Hey there
@WTF Happened. I'm not Anthony, obviously, but I'd like to share something with you that my T told me earlier this year. As someone who was in a committed relationship with another person, I'd crossed some major intimacy boundaries with a friend of mine, and when I told my T I felt my SO would leave me if he knew how intimate my friendship had become, she had something along these lines to say:
"Leave you? He can't leave you. You have already left him. You put him in an impossible situation; either he doesn't leave you, which will ensure you can never respect him, or he does leave you, in which case you're able to play the victim. In either case, you've set this up so that you don't have to do anything at all to make sure this is over."
And she was so right. I engineered--wittingly or not--a situation in which if I didn't want to just say, "This is over for good. Enough," I didn't have to. I put him in a bind that couldn't be undone. He could never trust me again (this was not the first incidence of my infidelity, either). Leaving me forever was the only real option available.
I did actually wind up explicitly breaking it off with him of my own volition in a pretty damn honest way, which was one of the best things I've ever done interpersonally, and I told him about the infidelity (no matter how "minor" it was), and he
still asked me to sleep with him/go out for dinner every time I talked to him until he found out I was seeing someone--ahem, the aforementioned friend--and finally stopped.

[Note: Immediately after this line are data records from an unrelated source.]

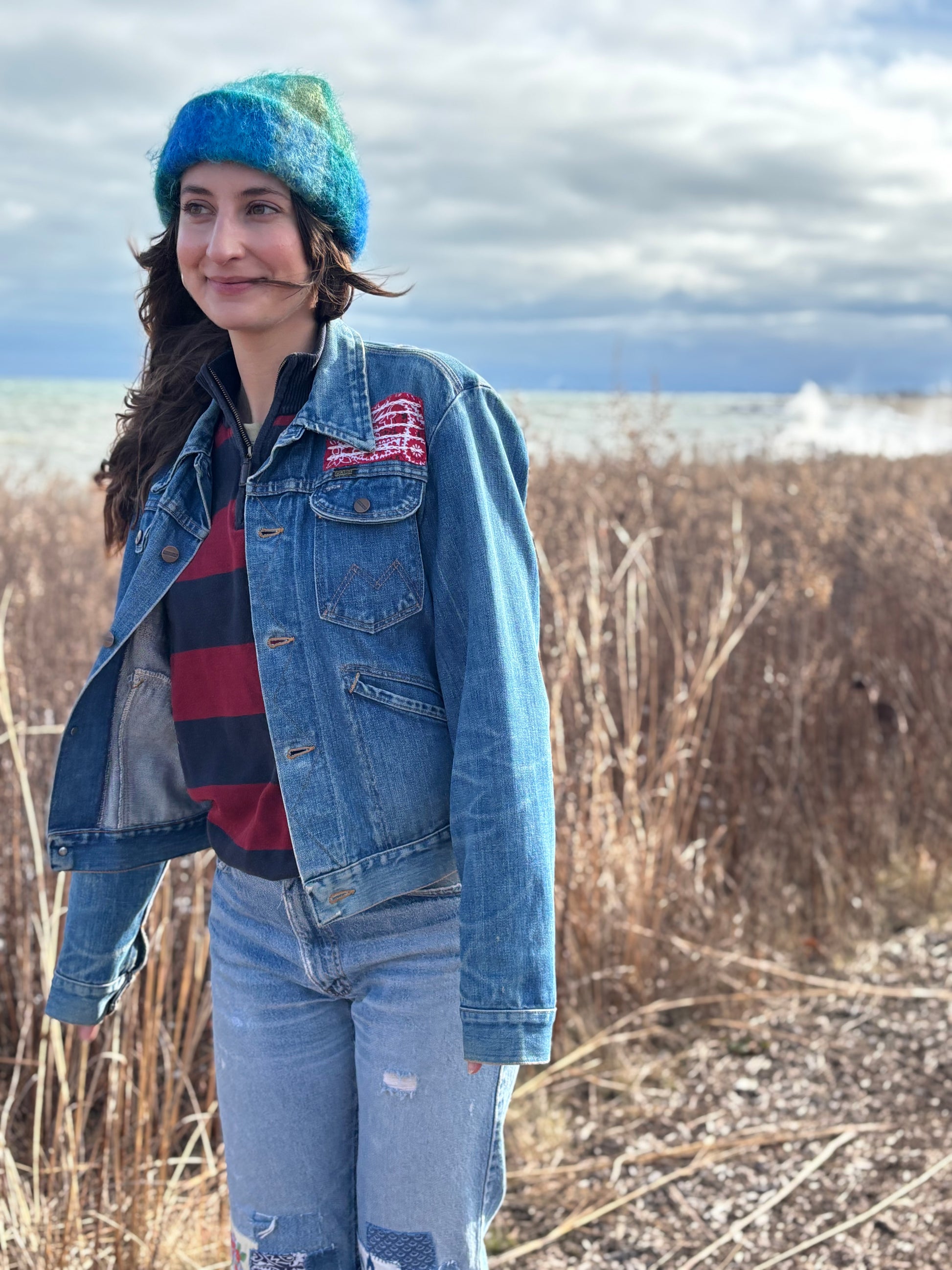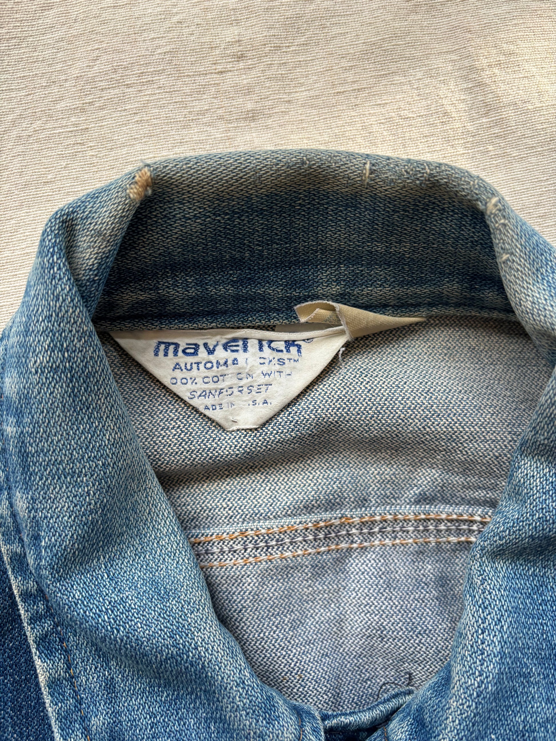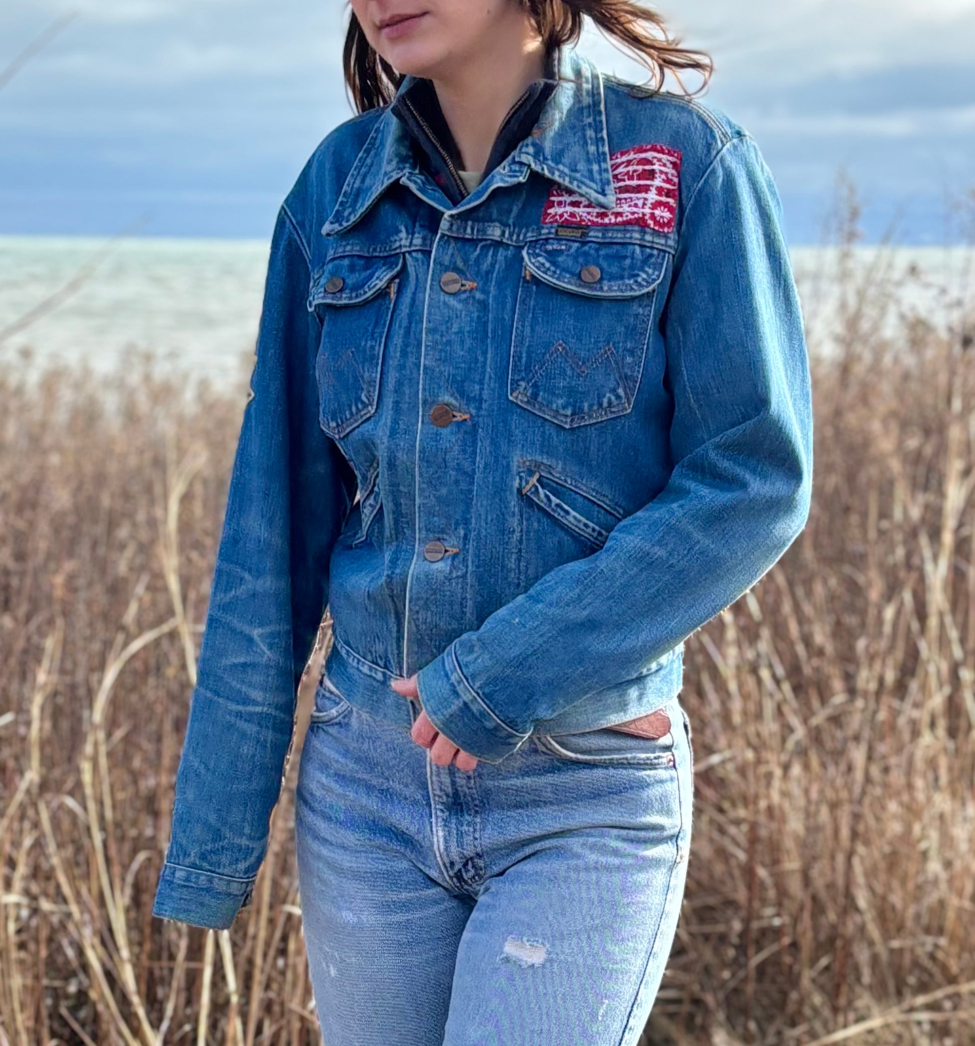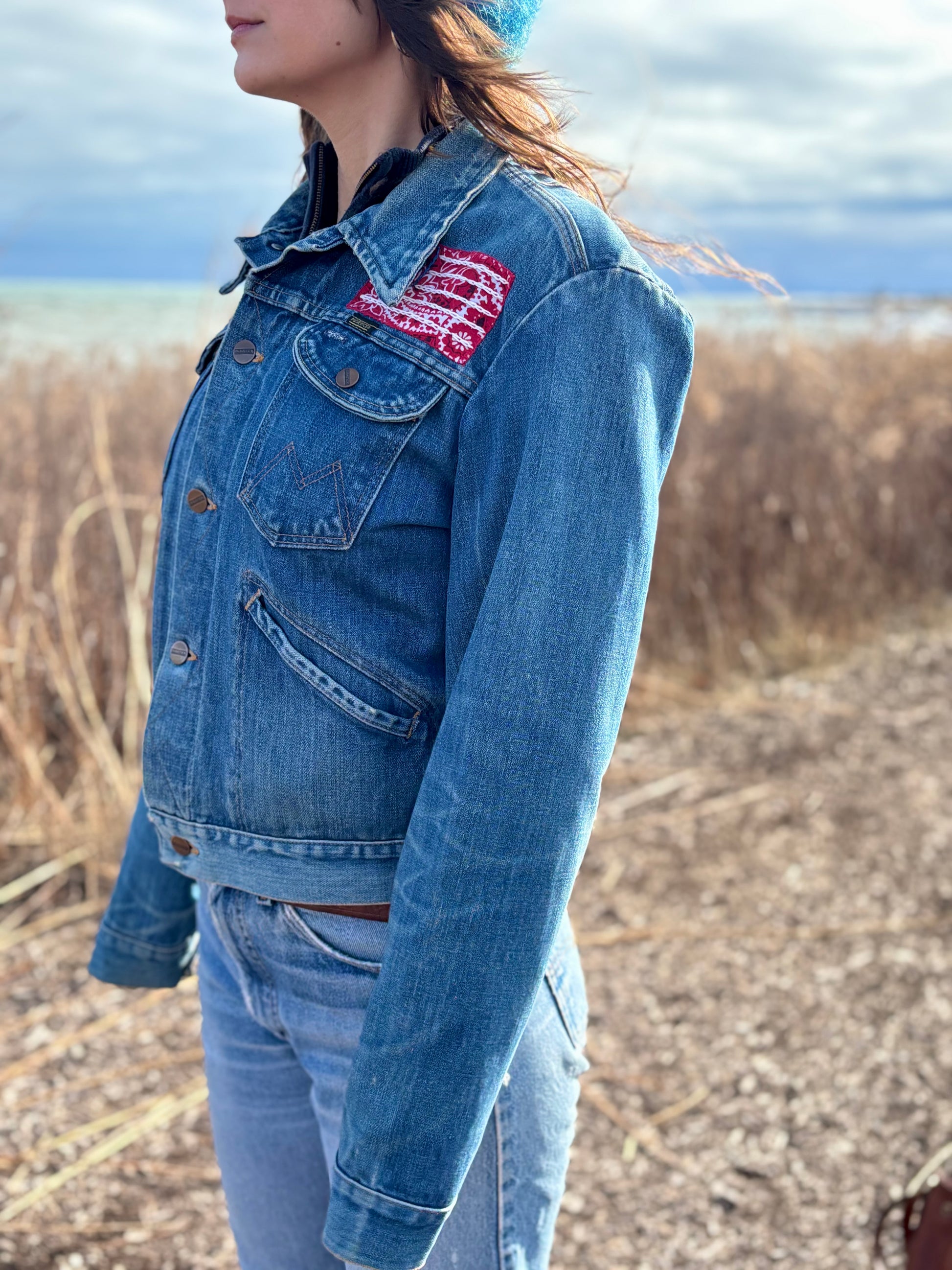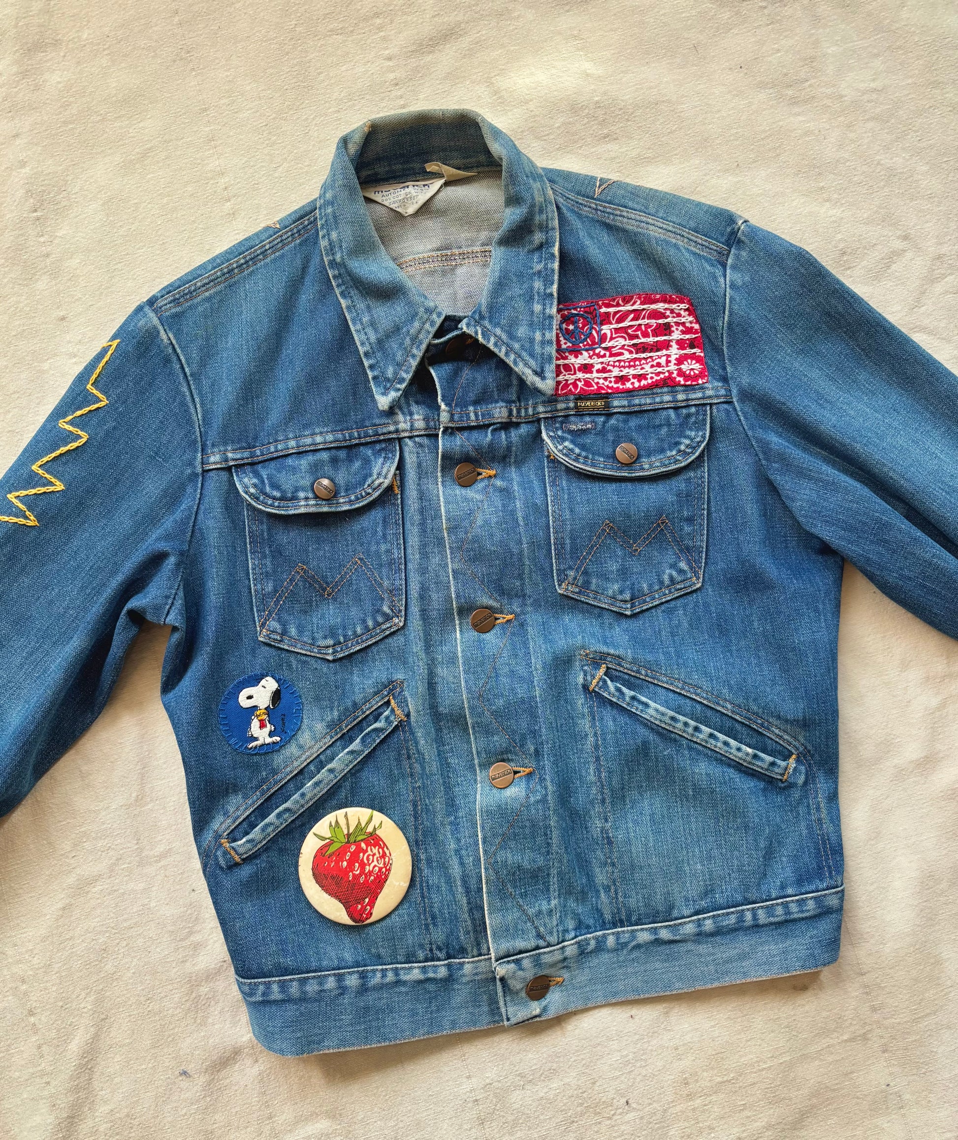 - Appliqué peace flag above left front pocket and denim peace sign on right back panel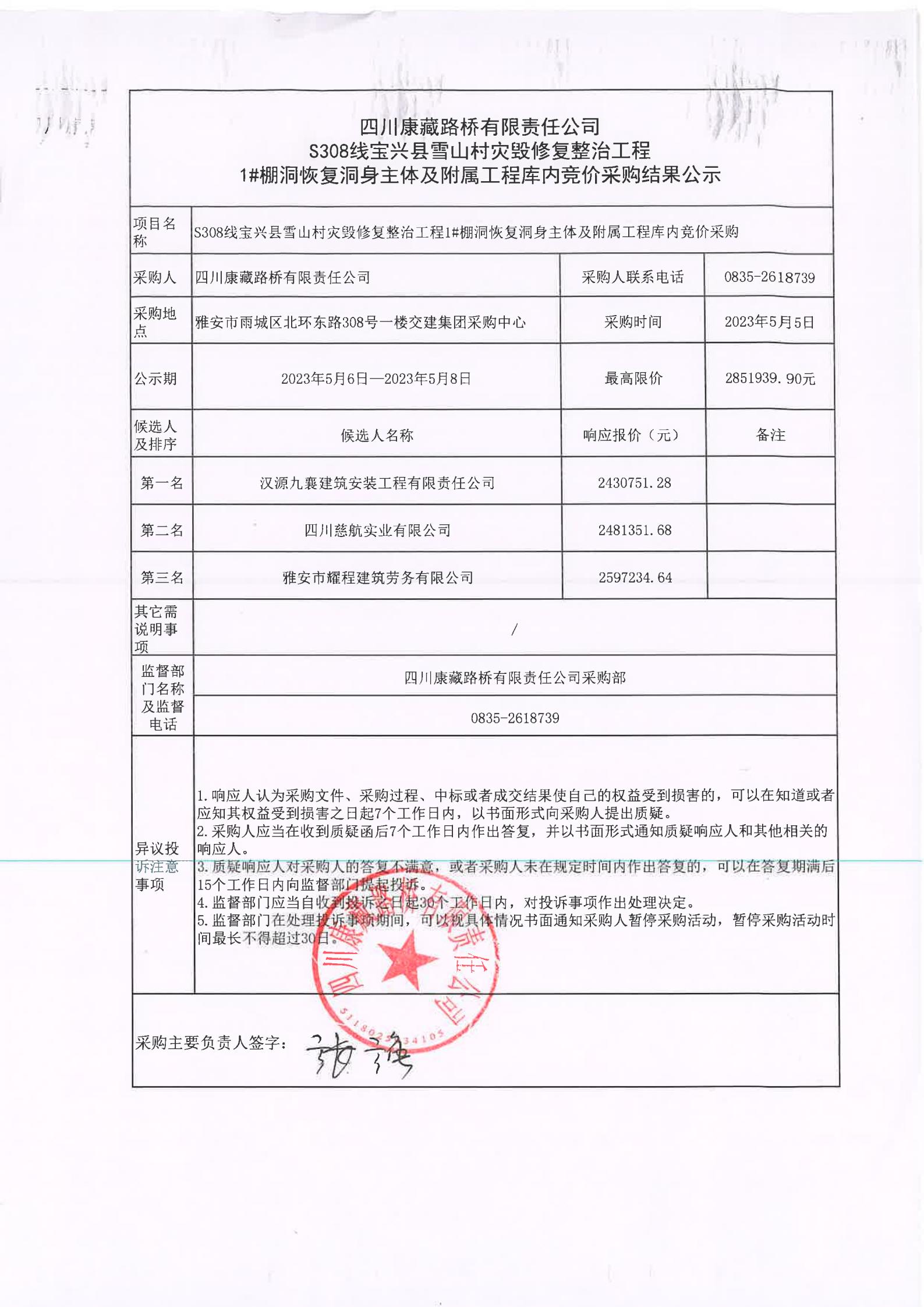 四川康藏路橋有限責任公司S308線寶興縣雪山村災毀修復整治工程1#棚洞恢復洞身主體及附屬工程庫內競價采購結果公示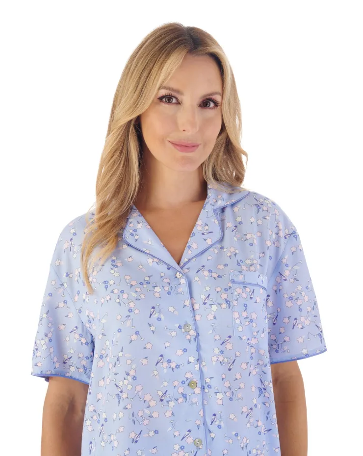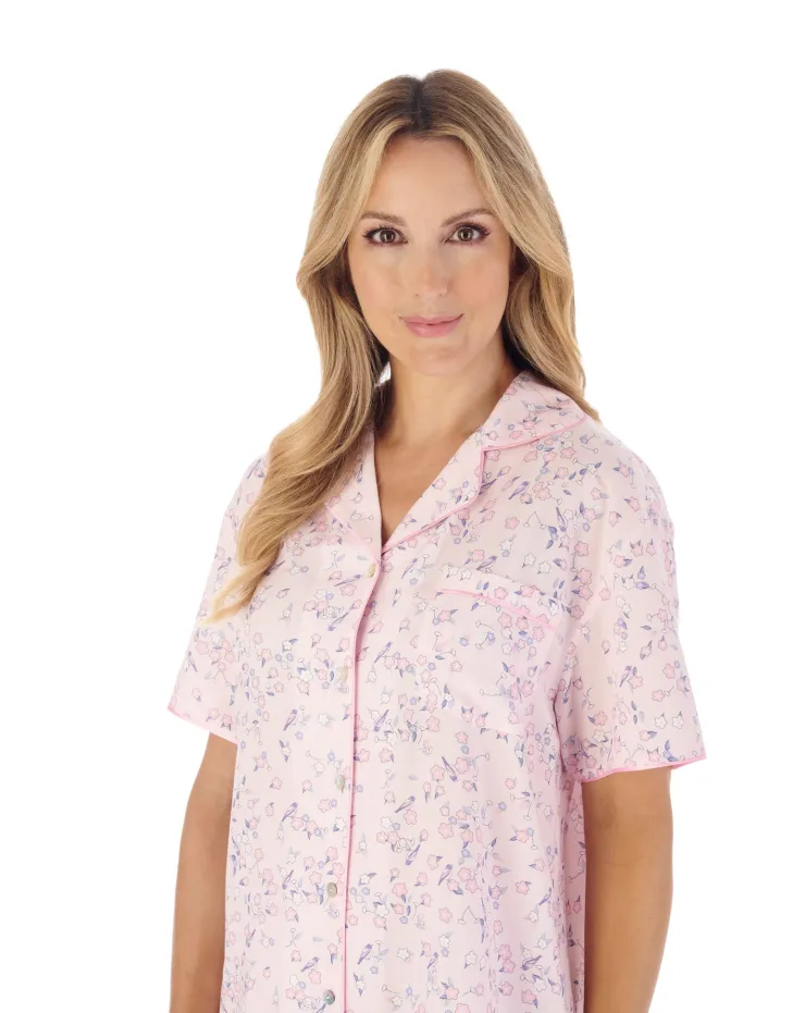 A beautiful short sleeve tailored style pyjamadesigned in an all over pale colour with a delicate blossom and bird print throughout. Completewith a5-button front opening and an elasticated waist for ease with dressing. Finished with a satin piping to the leg hem, collar, centre front and pocket top, the soft viscose fabric gives a nice drape to the garment. Perfect for the warmer nights.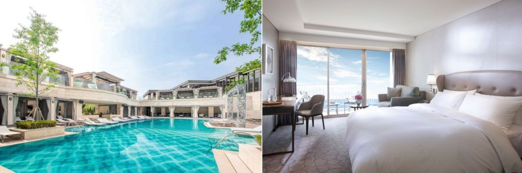 파라다이스시티_'아웃도어 풀'(왼쪽)과 파라다이스 호텔 부산 '디럭스 오션 테라스' 객실. 파라다이스 호텔앤리조트 제공
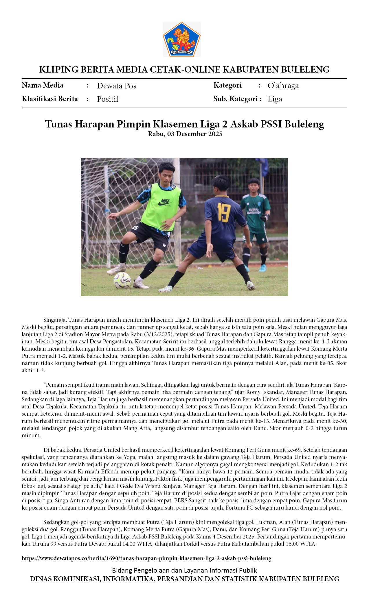 TUNAS HARAPAN PIMPIN KLASEMEN LIGA 2 ASKAB PSSI BULELENG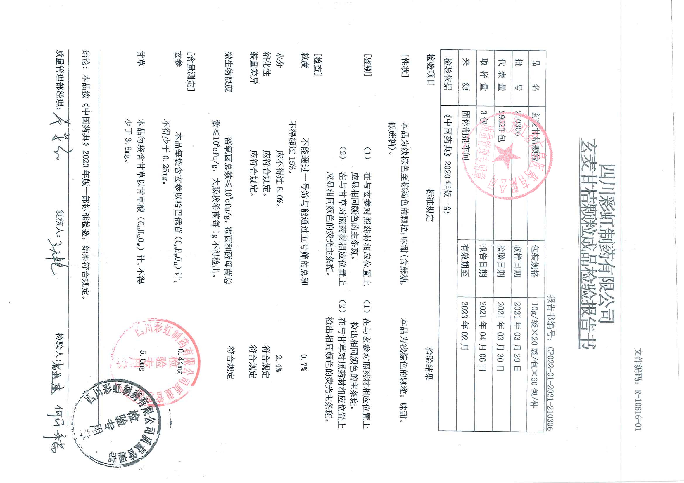 玄麥甘桔顆粒2103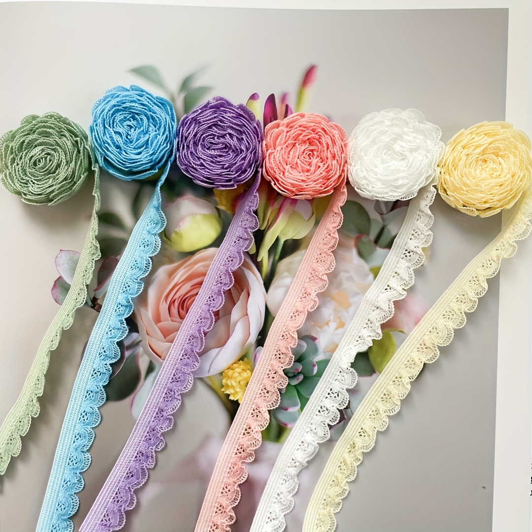 TEMU 6개 탄력 있는 러플 레이스 트림 리본 세트 - 다양한 색상 (민트 그린, 스카이 블루, 라벤더, 핑크, 화이트, 옐로우) 1 야드 x 1.3cm 스트레치 탄성 밴드와 러플 레이스 가장자리, 공예용 폴리에스터 웨빙 리본, 바느질, 인형 액세서리, 뜨개질 및 자수 장식, 인형 꾸미기 | 복잡한 디테일링, 레이스 원단

BUT all of that is to say that sometimes break ups where you explain all that good shit about how you're not in the right place in your life or it's not the right time or I care about you but I'm not in love &c just doesn't cut it as feeling like enough finality. I guess to me it's the difference between locking something away and locking something away and throwing the key in the ocean.
Also, I get that she hurt you, but sometimes in a break up situation, the party who wants to end it isn't well served by considering the emotions of the other party. That seems harsh, but seriously, haven't you ever had a moment where f*cking over another person was truly in your best interest? I sure have.